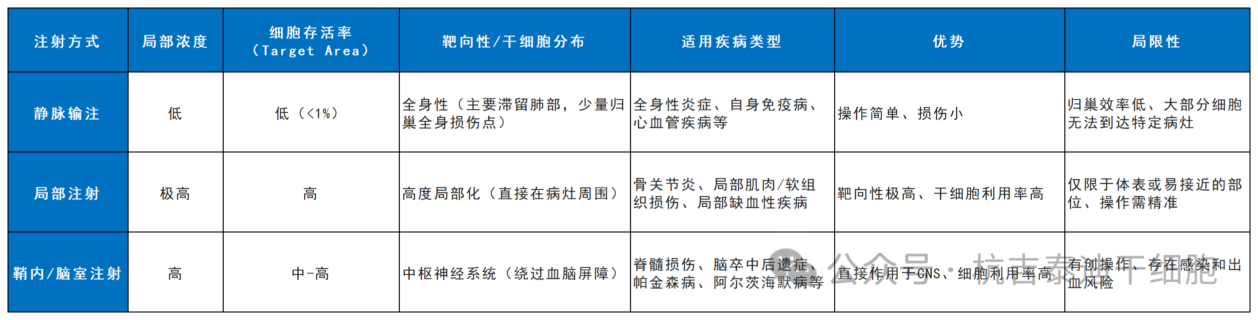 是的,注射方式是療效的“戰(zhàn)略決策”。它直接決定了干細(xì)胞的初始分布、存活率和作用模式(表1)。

_ _ _

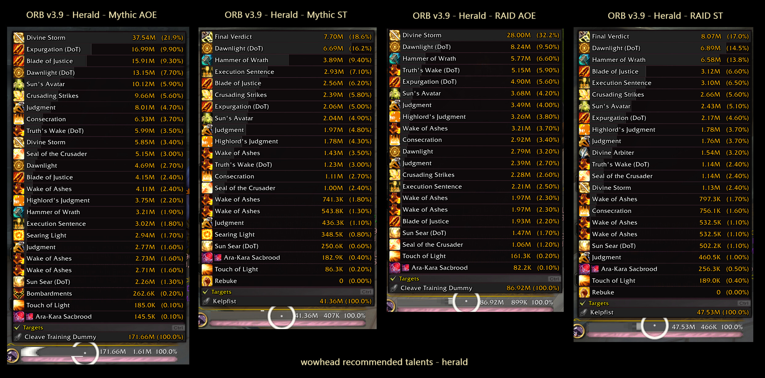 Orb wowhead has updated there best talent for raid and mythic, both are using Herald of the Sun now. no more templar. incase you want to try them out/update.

_ _ _

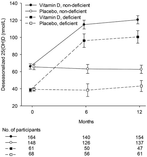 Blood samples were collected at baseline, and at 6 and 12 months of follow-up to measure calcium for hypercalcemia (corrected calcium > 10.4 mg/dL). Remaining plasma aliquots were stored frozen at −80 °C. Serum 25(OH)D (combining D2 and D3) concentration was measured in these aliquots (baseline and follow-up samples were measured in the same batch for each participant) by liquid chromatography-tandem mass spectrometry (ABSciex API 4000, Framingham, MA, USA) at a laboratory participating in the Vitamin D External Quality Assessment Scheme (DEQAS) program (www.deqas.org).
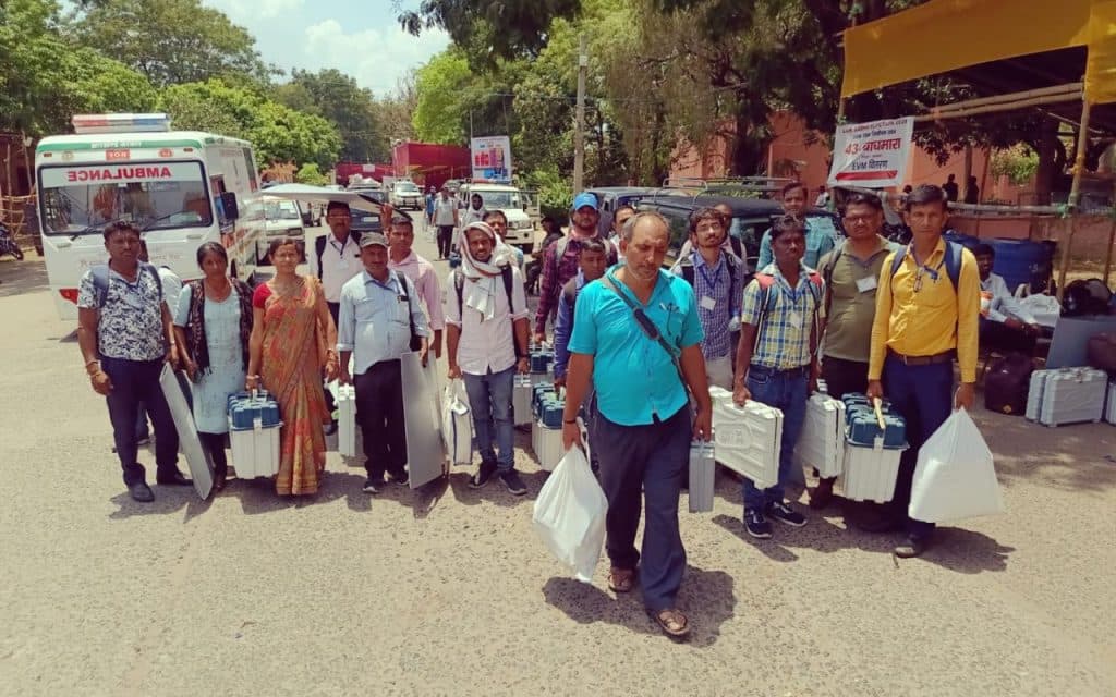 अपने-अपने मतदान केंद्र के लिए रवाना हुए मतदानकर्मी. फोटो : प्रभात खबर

_ _ _

◆ **How to complete this task**: Starting at the line above that holds "Blood samples were", repeat every line exactly down to and including the line that holds "अपने-अपने मतदान केंद्र", then stop. Do not carry over any pictures.

◆ **Solved exercise**:
 Blood samples were collected at baseline, and at 6 and 12 months of follow-up to measure calcium for hypercalcemia (corrected calcium > 10.4 mg/dL). Remaining plasma aliquots were stored frozen at −80 °C. Serum 25(OH)D (combining D2 and D3) concentration was measured in these aliquots (baseline and follow-up samples were measured in the same batch for each participant) by liquid chromatography-tandem mass spectrometry (ABSciex API 4000, Framingham, MA, USA) at a laboratory participating in the Vitamin D External Quality Assessment Scheme (DEQAS) program (www.deqas.org).
 अपने-अपने मतदान केंद्र के लिए रवाना हुए मतदानकर्मी. फोटो : प्रभात खबर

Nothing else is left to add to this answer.